Riyadh — The Saudi Health Council approved the establishment of a national committee under its supervision to study the issue of high cost of some medicines used in the treatment of Hepatitis C, hereditary and blood diseases and cancer.

The committee will also study the manifold increase in the prices of the latest medicines.

It recommended that scientific studies should be conducted locally to prove the efficacy of these medicines and encourage local manufacturing of medicines.

These decisions were taken at the Council’s 79th meeting held under the chairmanship of Minister of Health Tawfiq Al-Rabiah, Saudi Press Agency reported on Saturday.

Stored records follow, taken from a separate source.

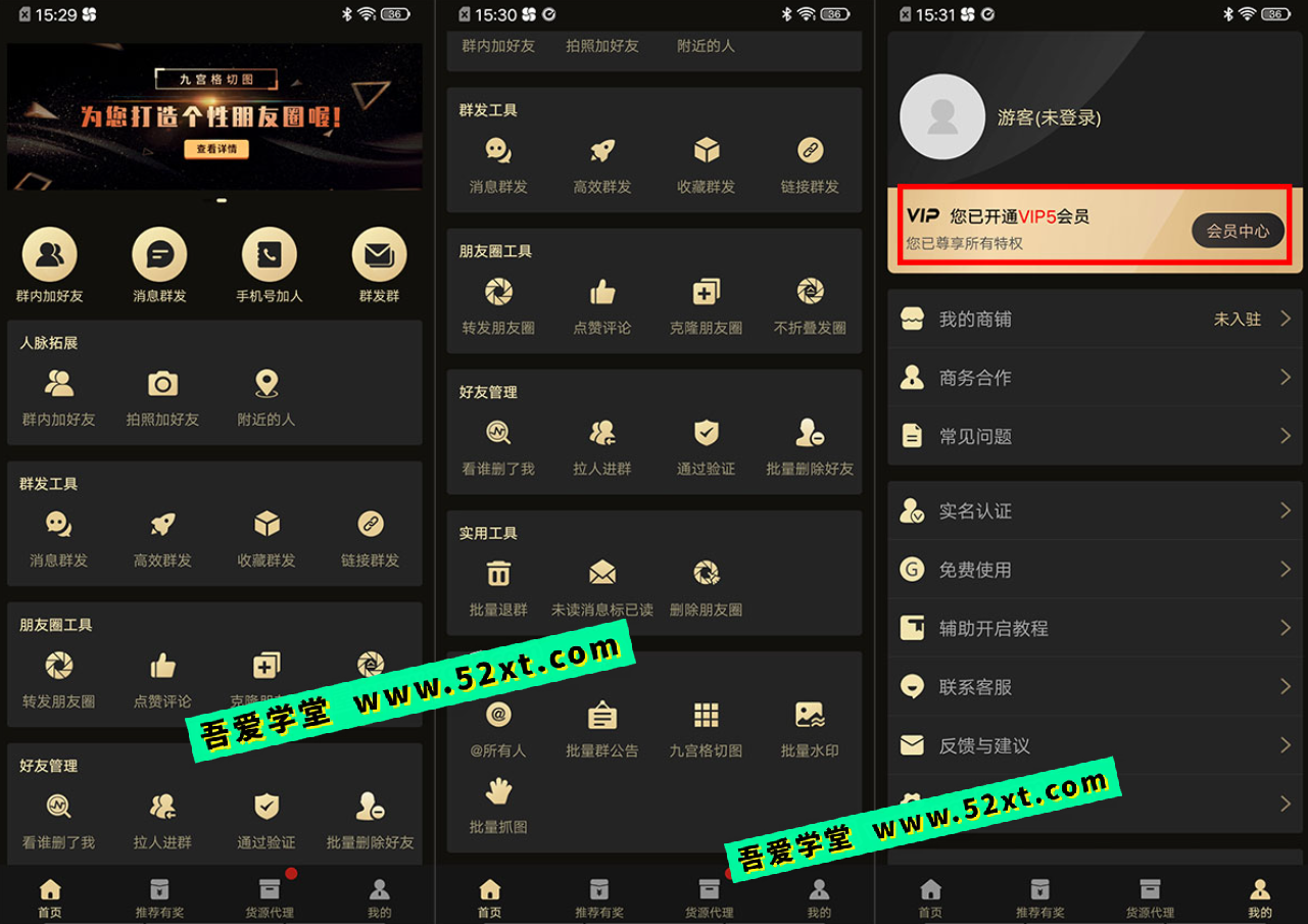 微商助手 是一款安卓手机端使用的 微商辅助软件。该软件可以辅助用户实现 微信群内自动加好友、消息群发、手机号加人、群发群,并且还提供了多个 群发功能,朋友圈辅助功能,好友管理功能等,全方位辅助微商加好友、加群、发消息,十分强大!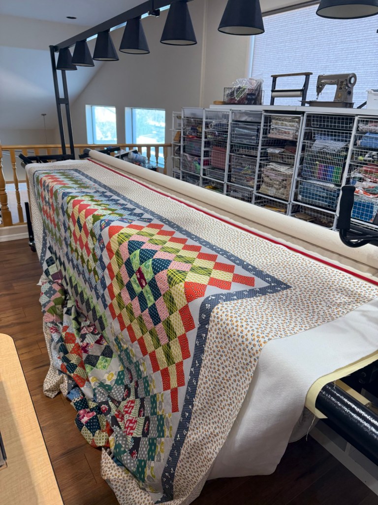 Looking at your picture and seeing your quilt loaded, the line from Romancing the Stone, “Look at those snappers” popped into my head, lol.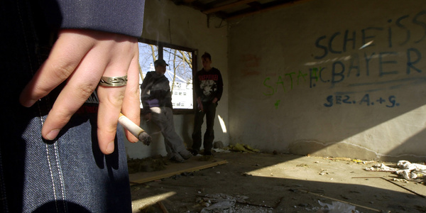 Bis zum Dezember 2001 traf sich die Clique von Mathias und André in einer leerstehenden Garage direkt neben der Anlegestelle für Ausflugsdampfer. Heute liegen die Bretter der von den Jugendlichen selbstgebauten Theke verstreut über den nackten Betonfußboden, in den Fensterrahmen hängen die letzten Glassplitter. An die Wand haben Unbekannte einen Ku-Klux-Mann geschmiert. »Eigentlich war es ein ganz normaler Abend, wir saßen zusammen, als die Tür aufgetreten wurde,« erinnert sich André. Die Naziskins zerschlugen Mobiliar und Flaschen. Einige aus der Clique wurden an die Wand geschleudert. Gewehrt hat sich niemand der Angegriffenen. Mathias und André meinen, dass sie Glück gehabt haben an diesem Abend. Einen Treffpunkt wie die Garage haben sie jetzt nicht mehr. Während die anderen erzählen, dass sie trotz Drohungen bei der Polizei ausgesagt haben, streicht sich Ringo gedankenverloren über die vernarbte Nase. Er kennt das Gefühl, ohmächtig einer Gruppe von Rechten ausgeliefert zu sein. Zusammen mit einem Freund wurde er in einem Wohngebiet überfallen. Die beiden Punks blieben schwer verletzt liegen – mit Fäusten und Ketten geschlagen, mit Füßen getreten. Eingegriffen hat niemand. Ein anderes mal wurde Ringo von Naziskins mit dem Auto durch Stadt gejagt. Oft wird er angepöbelt – auch von ganz normalen Ueckermündern.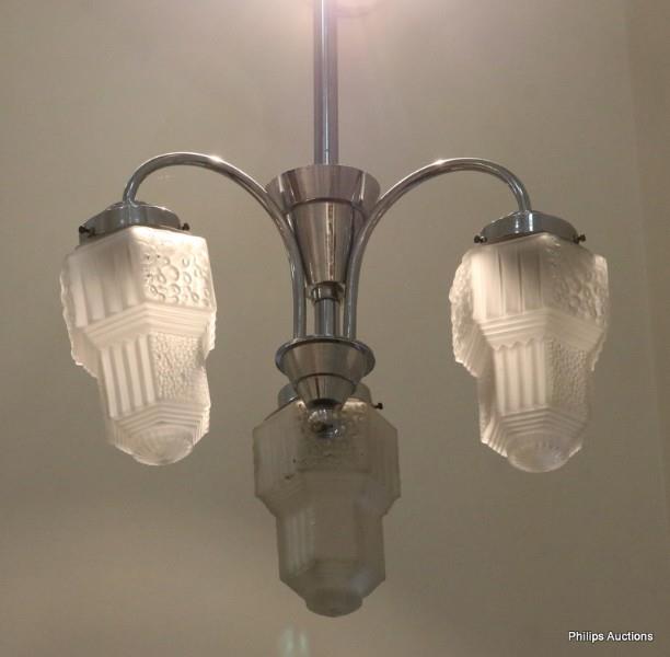 AN ART DECO CHROMED METAL AND FROSTED GLASS CHANDELIER

The Saudi Health Council also approved the establishment of a national center for evidence-based medicine (EBM).

Evidence-based medicine (EBM) is an approach to medical practice intended to optimize decision-making by emphasizing the use of evidence from well-designed and well-conducted research.

The approval to establish the national center for EBM is in implementation of the 11 strategic bases for healthcare in the Kingdom.

This includes authorizing the Saudi Health Council to prepare the executive and the operational plans for the establishment of the national center for evidence-based health practice.

The meeting recommended the application of the regulations for national health centers issued as per the Saudi Health Council’s decision for the national center for evidence-based medicine.

The Saudi Health Council also issued directives to study the establishment of a specialized national center for the treatment of burn injuries in Riyadh.

The meeting approved the strategic plan for the protection of public health.

The Saudi Health Council discussed a draft proposal to develop a strategy for volunteerism in the health sector.

The project to promote volunteerism will encourage all health practitioners to provide free health services that will meet society’s health requirements.

The Council approved the recommendation of the committee supervising the national program for kidney diseases on the necessity to unify measurement units for lab analyses for renal patients in all health sectors to Si unit which is being used all over the world.

The Council stressed that all health sectors must admit cases of ST-Elevation Myocardial Infarction (STEMI) brought in by Saudi Red Crescent Authority.

STEMI is a very serious type of heart attack during which one of the heart’s major arteries (one of the arteries that supplies oxygen and nutrient-rich blood to the heart muscle) is blocked.